We report analytical results for the development of instability of an interface between two immiscible, Newtonian fluid layers confined in a rotating annular Hele-Shaw cell. We perform a linear stability analysis and focus our study on the influence of both Coriolis force and curvature parameters on the interface instability growth rate. The results show that the Coriolis force does not alter the stability of a disturbance with a particular wave number but reduces the maximum growth rate. The results related to the role played by the confinement of the liquid layers are also shown to provide a modification of the fastest-growing mode and its corresponding linear growth rate.

Figure 1

Sketch of a Hele-Shaw cell with two confined liquid layers at the equilibrium. The aspect ratio $ϵ=e∕R_0,ϵ⪡1$.

Figure 2

The effect of boundaries on the instability. (a) ${\delta }_1=0$, ${\delta }_2\to \infty$ [4], (b) ${\delta }_1=0$, ${\delta }_2=1.1$, (c) ${\delta }_1=0.95$, ${\delta }_2\to \infty$, and (d) ${\delta }_1=0.95$, ${\delta }_2=1.1$. All data are for $B=200$, $A=0$, and $ϵ=0.05$.

Figure 3

The effect of contrast viscosity with the presence of the inner boundary on the instability.
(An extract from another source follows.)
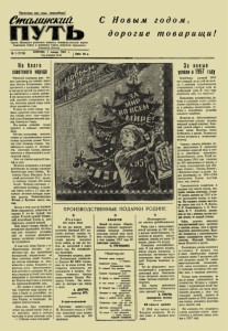 Пролетарии всех стран, соединяйтесь! Стаи ш н ш и г Газета Липецкого районного комитета Коммунистической партии Советского Союза и районного Совета депутатов труаящихс» Липецкой области № 1 (1179) ВТОРНИК, 1 января 1957 г. Год издания 16-й Цена 10 к. С Но в ым г о д о м , д о р о г и е то в ар ищи! Н а б л а г о советск ого народа Отрывной календарь день ото дня становится все тоньше, будто тает. Вот-вот нетерпеливая рука протянется к последнему листку, и пятьдесят шестой год нашего ве ка приблизится к своему рубежу. В эти прощальные мгновенья каж дый, наверное, оглядывается на зад, мысленно рисует перед собой облик пережитого года. И сразу же, точно горная вер шина, предстает перед нами глав ное событие этого года— двадца ты й съезд .Коммунистической пар тии Советского Союза. Под знаком решений съезда трудятся и созидают советские люди. Рабочие; колхозники, интелли генция не ограничиваются только своими трудовыми делами. Чувст вуя себя хозяином страны, вер шителем ее судьбы, ее будущно сти, советский человек активно участвует в общественной и поли тической жизни. Этот год отмечен широкой борь бой захлеб. Началось невиданное в истории наступление на веками лежавшие нетронутыми степи Сибири, Ка- истана, Урала, Поволжья. За ко- откий срок освоено 35,5 милли ма гектаров. .Создано 425 новых вхозов. Площадь освоенных в шей стране целинных и залеж- дй х земель почти в 1,7 раза пре вышает посевные площади зерно-, вых культур Великобритании, Италии, и Франции, вместе взя ты х. Погода в этом году не баловала. Весна запаздывала, дожди шли не вовремя. И все же урожай был собран. И какой урожай! Небыва лый, богатейший. Борьба за хлеб увенчалась великой победой. Наш народ— 'хозяин страны, и совершенно справедливо, что боль шая доля народного достояния' идет на поднятие жизненного, уровня, улучшение условий жиз ни трудящихся. В этом году, кроме Закона о го сударственных пенсиях, осу ществлен еще ряд крупнейших мероприятий, направленных на благо советских людей. Увеличе ны отпуска женщинам по бере менности п родам. Повышена за работная плата низкооплачивае мым рабочим и служащим. На два часа сокращен рабочий день перед выходными и праздничными дня ми. Ведется подготовка к переходу на семичасовой рабочий день. ...Год прошел в трудах и забо тах. Советские люди сделали не мало в борьбе за дальнейшее у к репление экономического могуще ства Родины, за повышение на родного благосостояния. Даль ясна. Заря коммунизма встает над нашей землей. Этой за ре навстречу смело и свободно идут рука об р у ку советские люди. — С Новым годом, товарищи! ПРОИЗВОДСТВЕННЫЕ ПОДАРКИ РОДИНЕ ☆ Р е г п ы и е на т ри дня На трв дня раньше срока коллектив Липецкой МТС вы полнил пметаое задание, от ремонтировав 52 трактора. В стадии ремонта находится шесть машин, нз них две вы шли из мастерской в канун нового года. Это сверхплано вая продукция. Ремонтники трудятся друж но. Постановление декабрьско го Пленума ЦЕ КПСС вдохно вило их на новые успехи. Они стараются использовать все возможности и резервы. Осо бенно отличается бригада укомплектовки Кузьмы Ива новича Сяглова. Она выпол няет по полторы— две нормы в смену. А. Д0Л0Т0В, директор МТС. С п р е в ы ш е н и е м Работники ‘ коопе р а ц и и Ж. Лесковского сельпо в 1956 году выполнили план рознич ного товарооборота на 109 процентов. ☆ А вансом Новый год колхоз «Память Ленин

All data are for $B=200$, $ϵ=0.05$, ${\delta }_1=0.95$, and ${\delta }_2\to \infty$.

Figure 4

Comparison of growth rate for different values of contrast viscosity and for ${\rho }_1∕{\rho }_2=1000$, ${\delta }_1=0$, and $\delta =0$. Note that the curve $A=-1$ should produce the same results of Waters and Cummings [5].

Figure 5

Comparison of growth rate for different values of contrast viscosity and for ${\rho }_1∕{\rho }_2=1.5$, ${\delta }_1=0$, and $\delta =0$. These results can be obtained from the recent paper of Waters and Cummings [12].

Figure 6

Water-air interface ($\sigma =0.072\mathrm{N}∕\mathrm{m}$, $R_0=10\mathrm{cm}$, $e=2\mathrm{mm}$): variation of the dimensional growth rate versus $n$ (a) without Coriolis forces [3, 4] and (b) with Coriolis forces.

Figure 7

Water-air interface ($\sigma =0.072\mathrm{N}∕\mathrm{m}$, $R_0=1\mathrm{cm}$, $e=1.5\mathrm{mm}$, $B=200$, ${\delta }_1=0$, ${\delta }_2\to \infty$): variation of the dimensional growth rate versus $n$ in presence of Coriolis effects. (a) Dashed line: without viscous stresses obtained either by Eq. (3.26) [12] or by Eq. (13) of the present study with $\delta =0$. (b) Solid line: with Coriolis forces and viscous stresses obtained by Eq. (13) of the present study with $\delta =1$.